The records: Begin

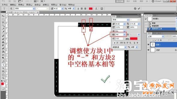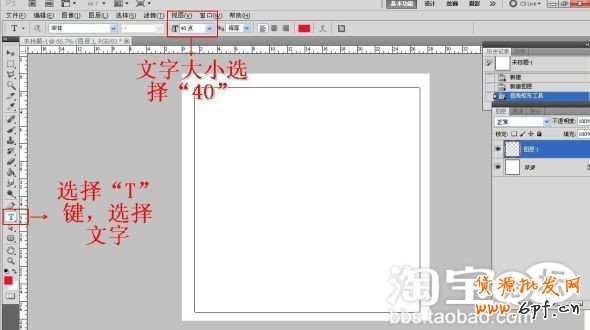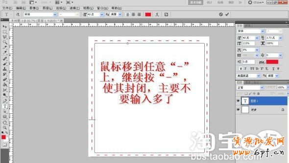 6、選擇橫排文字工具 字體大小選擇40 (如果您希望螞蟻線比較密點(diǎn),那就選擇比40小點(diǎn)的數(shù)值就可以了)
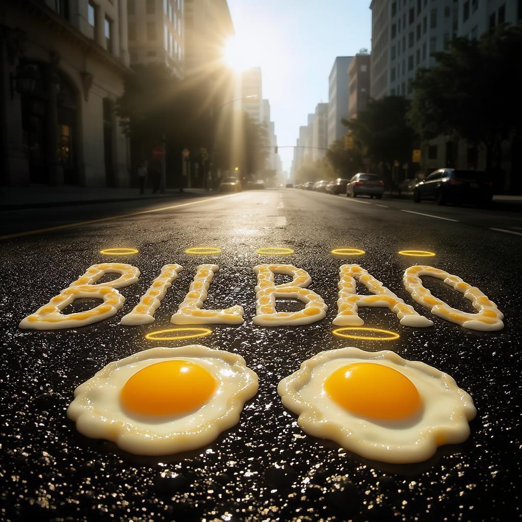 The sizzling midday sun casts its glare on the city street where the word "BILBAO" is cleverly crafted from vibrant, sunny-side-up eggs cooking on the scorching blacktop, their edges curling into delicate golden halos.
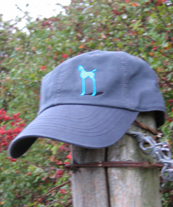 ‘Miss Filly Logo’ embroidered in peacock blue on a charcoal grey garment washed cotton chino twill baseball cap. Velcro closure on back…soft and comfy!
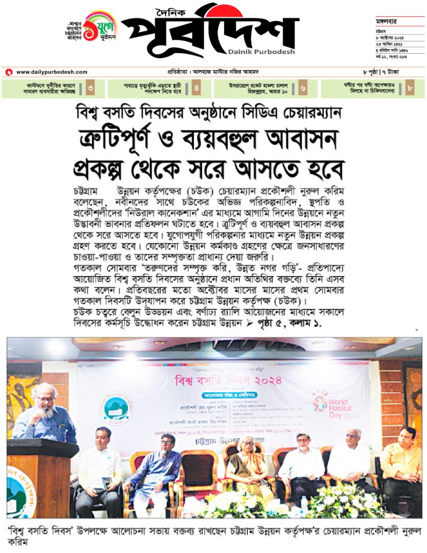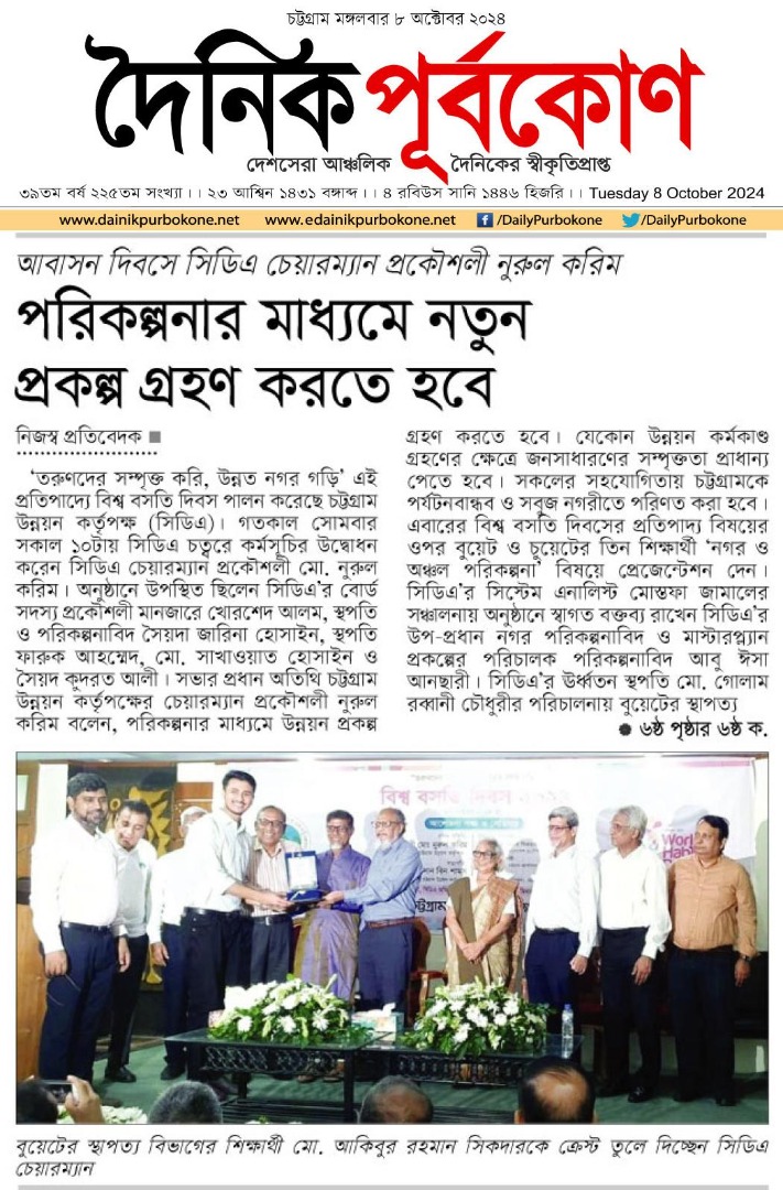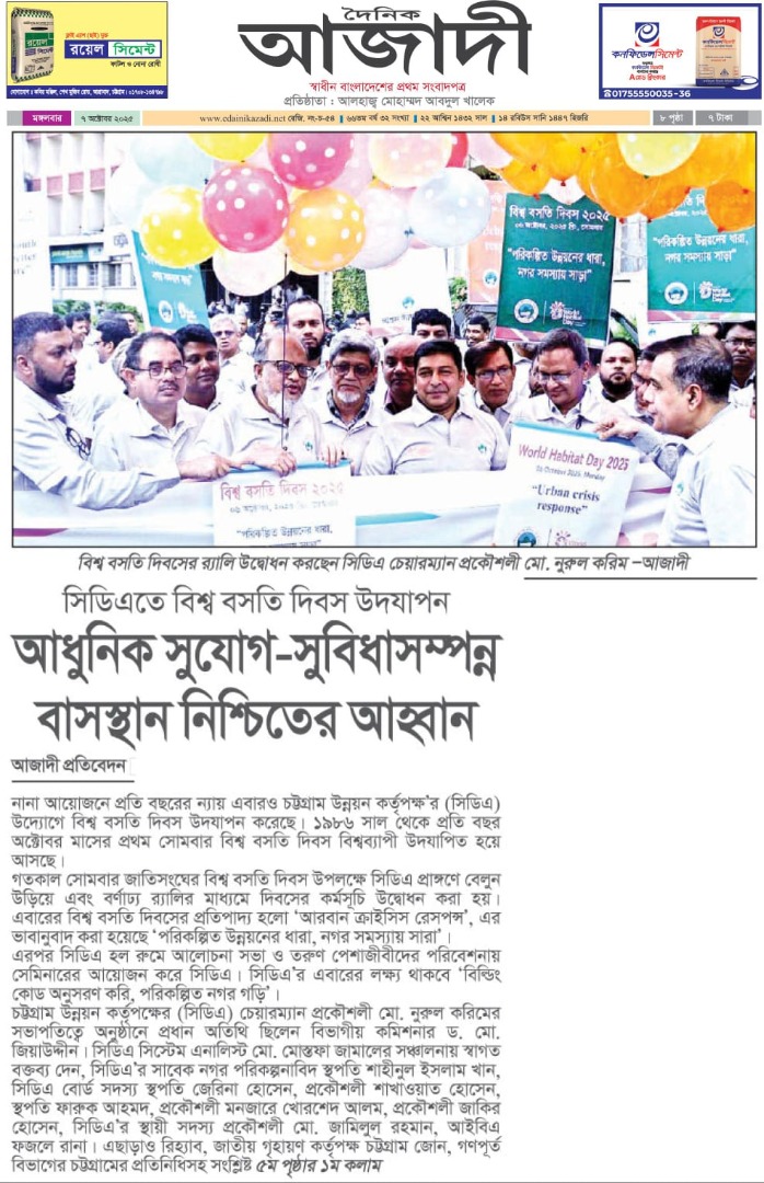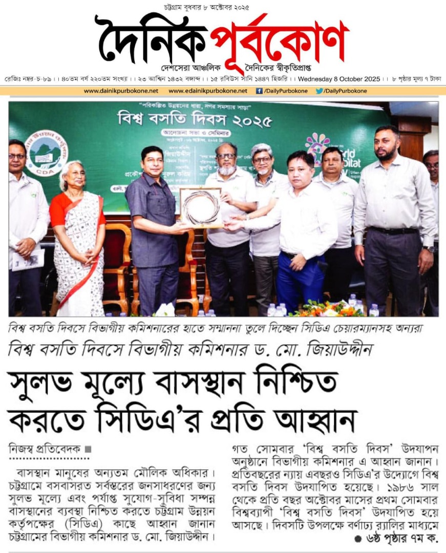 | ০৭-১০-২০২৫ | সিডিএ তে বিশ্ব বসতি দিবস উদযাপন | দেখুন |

The records: End
The records: Begin

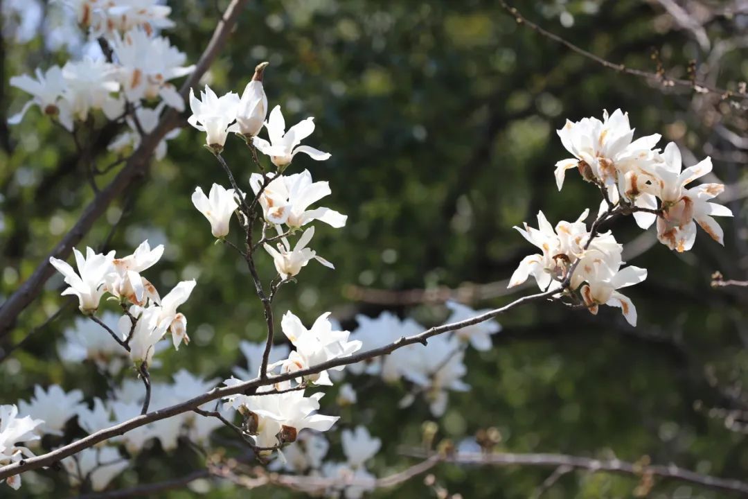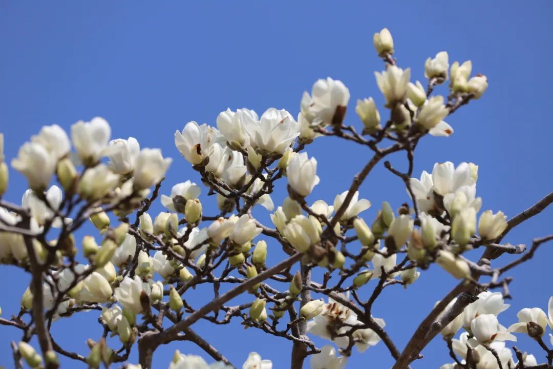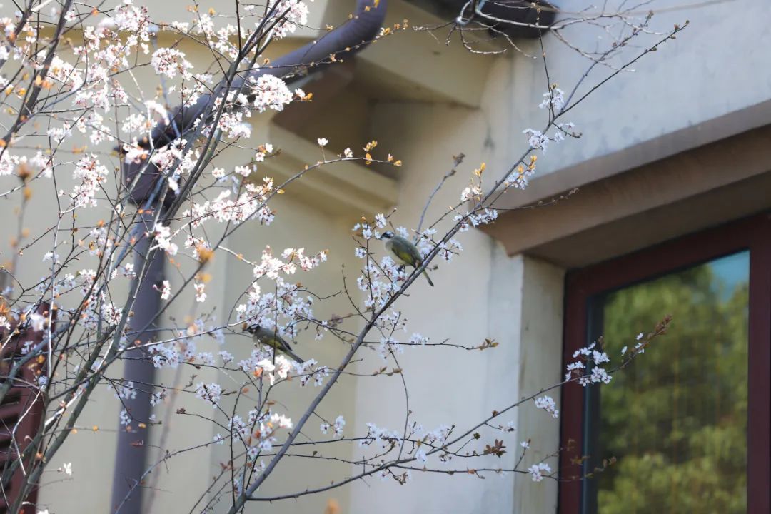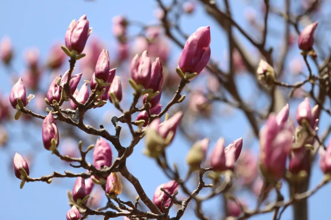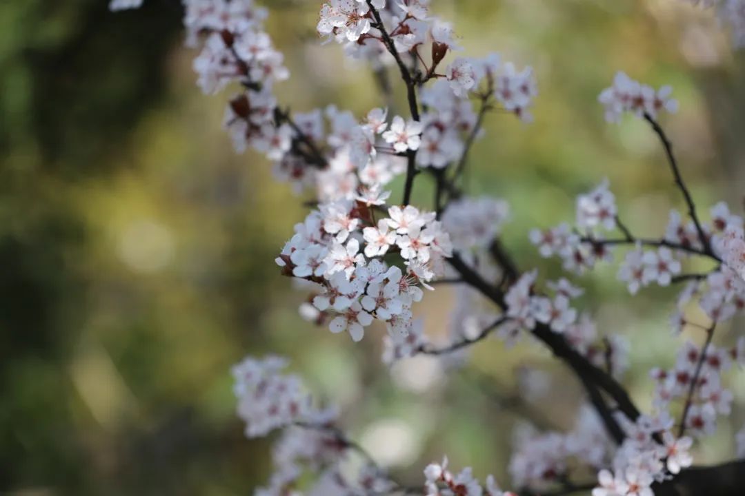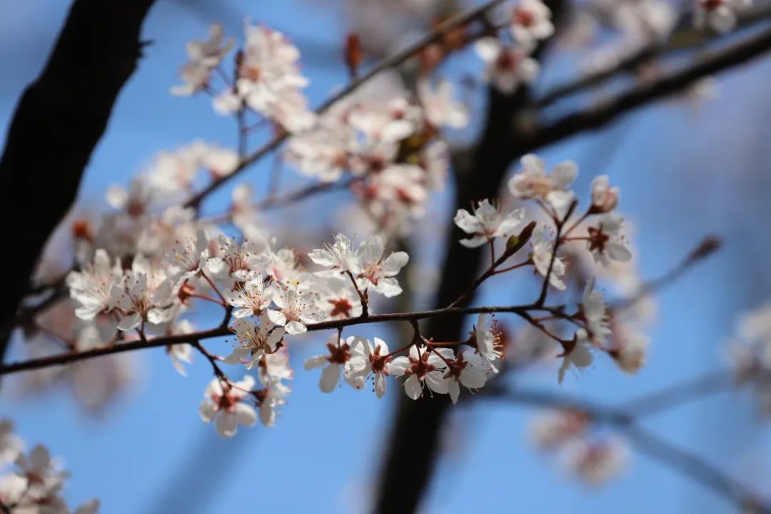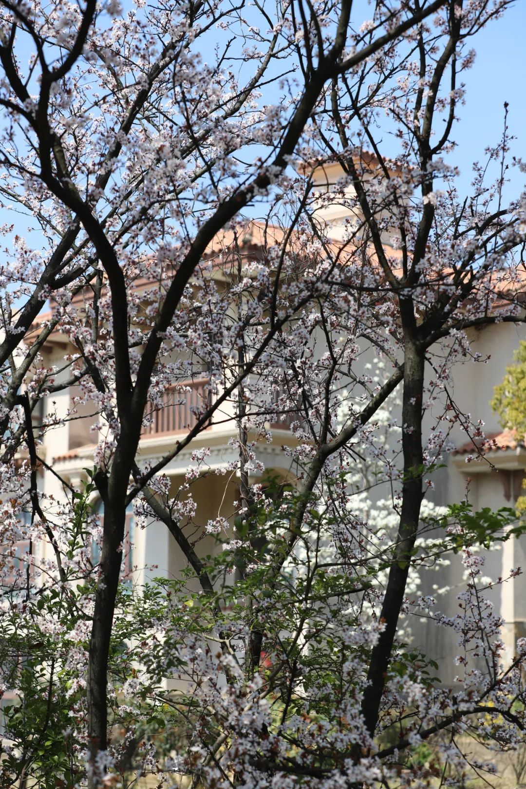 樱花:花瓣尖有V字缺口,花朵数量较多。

The records: End

Your objective: Begin at the line in the entries above that has "back…soft and comfy!", stop after the line that has "উদযাপন | দেখুন |", and output exactly those lines without pictures.

Solution to this problem:
 ‘Miss Filly Logo’ embroidered in peacock blue on a charcoal grey garment washed cotton chino twill baseball cap. Velcro closure on back…soft and comfy!
 | ০৭-১০-২০২৫ | সিডিএ তে বিশ্ব বসতি দিবস উদযাপন | দেখুন |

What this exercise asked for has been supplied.